# workflows

Complex machine learning applications often require multi-stage pipelines (e.g., data loading, transforming, training, testing, iterating). [**Workflows**](https://spell.ml/docs/workflow_overview/) in Spell allow you to manage these pipelines as a sequence of Spell runs, and are a lightweight alternative to tools like [Airflow](https://airflow.apache.org/) and [Luigi](https://github.com/spotify/luigi) for managing your model training pipelines.

Workflows can be launched using either the Spell CLI or the Spell Python API. In this tutorial we demonstrate both approaches by example.

## understanding workflows

Every workflow consists of one *master run* and one more more *worker runs*. The master run is responsible for control flow: that is, determining which worker runs should get executed when, and why. The worker runs then do all of the work required. For example:

![](https://i.imgur.com/W5Ugs0S.png)

In this diagram the master run coordinates the sequential execution of three worker runs.

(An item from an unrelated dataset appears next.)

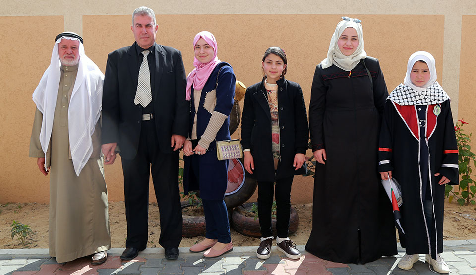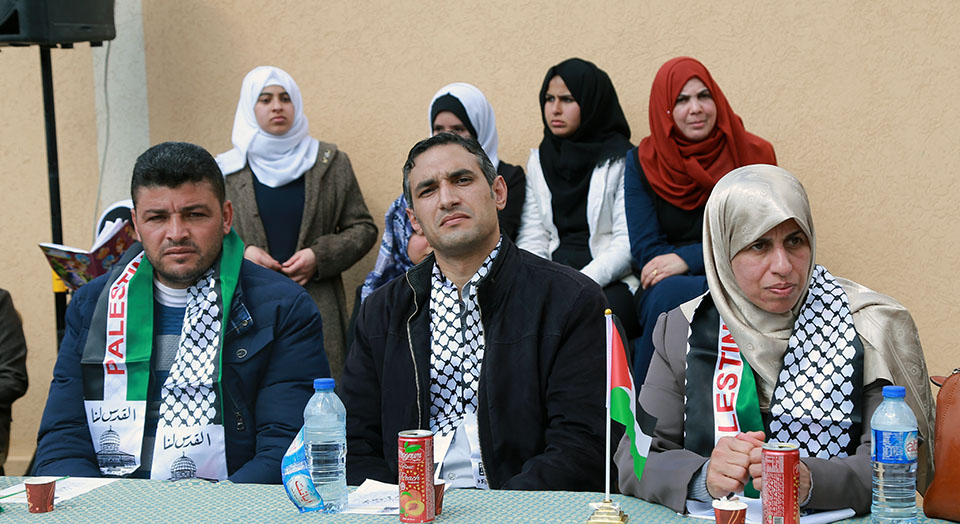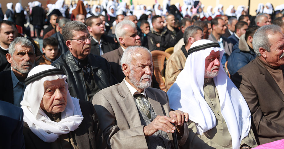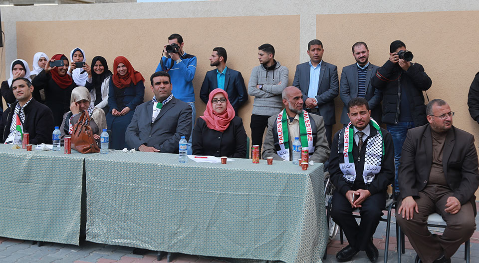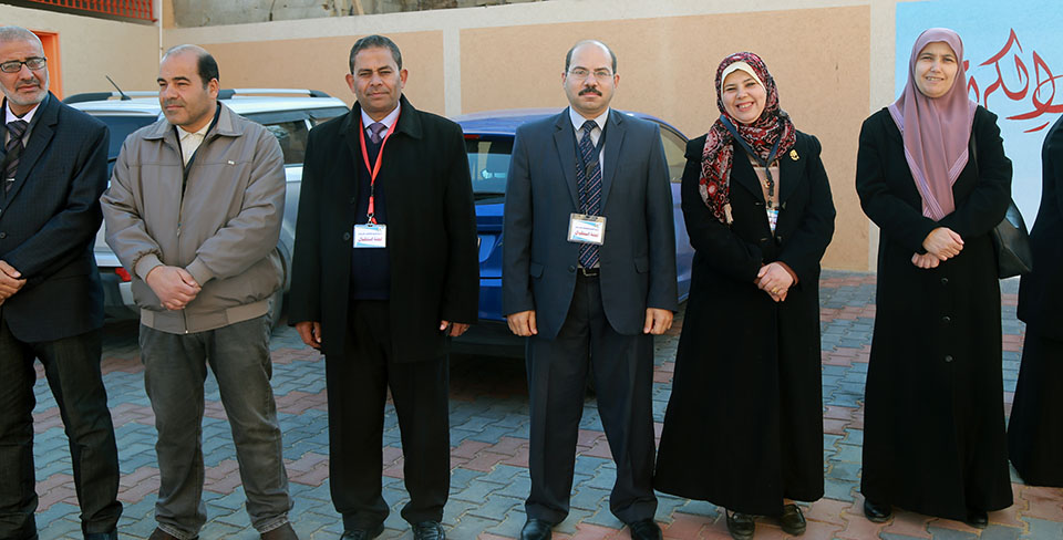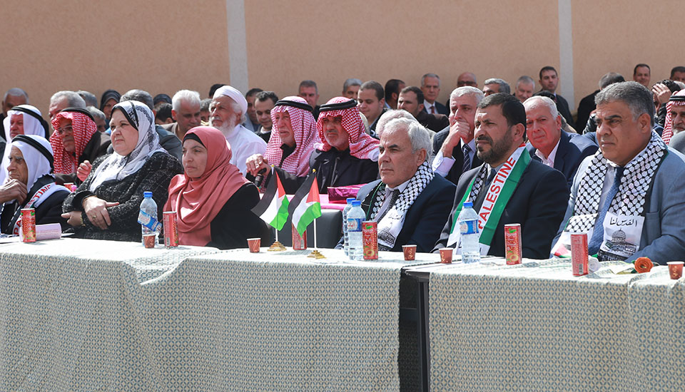 فضيلة الشيخ غحسان عاشور، د. زياد ثابت، د. أحمد الشيبي، مختار عائلة الأغا العم وديع، د. هيفاء الأغا، أ. عبد الرحيم الفرا، أ. عايدة ابو حطب(مديرة المدرسة)

More complex workflows may require more complicated control flow.

## understanding the workflow script

The **workflow script** is what gets executed on the master run: a Python script using the Spell Python API to define worker jobs and the control flow logic surrounding them. Here is a simple example:

In [None]:
%%writefile simple.py
import spell.client
client = spell.client.from_environment()

print(client.active_workflow)

r1 = client.runs.new(command="echo Hello World! > foo.txt")
r1.wait_status(*client.runs.FINAL)
r1.refresh()
if r1.status != client.runs.COMPLETE:
    raise OSError(f"failed at run {r1.id}")

r2 = client.runs.new(
    command="cat /mnt/foo.txt",
    attached_resources={f"runs/{r1.id}/foo.txt": "/mnt/foo.txt"}
)
r2.wait_status(*client.runs.FINAL)
r2.refresh()
if r2.status != client.runs.COMPLETE:
    raise OSError(f"failed at run {r2.id}")

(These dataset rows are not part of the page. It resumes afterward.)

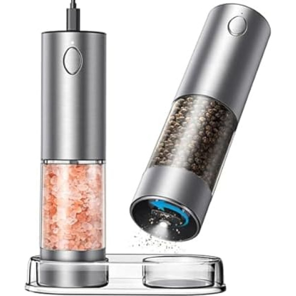 Large capacity: our electric salt and pepper grinder set offers a high capacity design that can grind up to 3.3 ounces of pepper with ease, making it perfect for individuals and large families Adjustable grinding settings: Equipped with 5 levels of adjustable coarseness settings, you can easily switch between fine and coarse grinder by simply turning the base. Settings are clearly marked with arrow indicators, allowing for precise control over grind size to suit your culinary needs RECHARGEABLE & SUSTAINABLE Our rechargeable salt and pepper grinder set features a Type-C charging cable for fast and convenient charging. With just one charge, it can be used for daily purposes for approx. one month, which contributes to a greener environment while saving money by eliminating disposable batteries Excellent Design Just press and hold the button of the pepper grinder with one hand to get fresh spices, and your other hand is free for other kitchen tasks. The built in LED light on the bottom ensures accurate grinding in all lighting conditions Electric salt and pepper mill set: Our salt and pepper mill is made of high-quality stainless steel, which is safe and durable. The set comes with a clear storage base that keeps your kitchen countertop tidy › See more product details
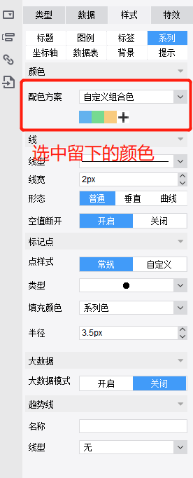 节点色和系列色其实已经是一个颜色,不过有个白色空心,显的清楚,可以在系列-点样式选上实心样式:
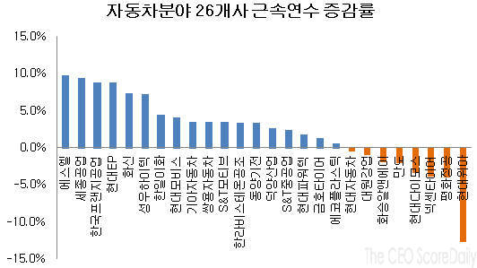 한편 26개 기업 중 70%에 달하는 18곳은 지난해 근속 연수가 늘어난 것으로 나타났다. 에스엘이 9.7%로 가장 높은 증가율을 기록했고 세종공업이 9.3%, 한국프랜지공업과 현대EP가 8.8% 늘었다. 이에 비해 현대위아는 근속연수가 12.8% 감소해 그 폭이 가장 컸다. 또 넥센타이어, 평화정공은 4%, 현대다이모스는 3.5%, 만도는 2% 줄었다.

print("Finished workflow!")

Let's walk through this script step-by-step:

```python
import spell.client
client = spell.client.from_environment()
```

This initializes the client object. If you are not familiar with our Python API, check out the [Python API Reference](http://spell.run/docs/python) to learn more.


```python
print(client.active_workflow)
```

You can use this variable to determine which workflow the script is currently executing in. In the case that this script is not being run from inside of a workflow this will be set to `None`.

```python
r1 = client.runs.new(command="echo 'Hello World!' > foo.txt")
```

This next block of code executes a new run, one which creates a file containing `Hello World!` on disk. [This file automatically gets saved to SpellFS.](https://spell.ml/docs/run_overview/#saving-resources)

```python
r1.wait_status(*client.runs.FINAL)
r1.refresh()
if r1.status != client.runs.COMPLETE:
    raise OSError(f"failed at run {r.id}")
```

We can only proceed to the next stage of the workflow when the first stage completes successfully. This next bit of code is a control flow block that achieves this.

Every run transitions through a sequence of states as part of its execution: `machine_requested`, `running`, `pushing`, and so on. Runs eventually transition to a so-called **final state**: the state that the run is assigned at the end of its execution. There are four different possible final states, the most important of which is `COMPLETE`. A run which terminates in the `COMPLETE` state is one which has successfully run all of its code and pushed all of its outputs to SpellFS.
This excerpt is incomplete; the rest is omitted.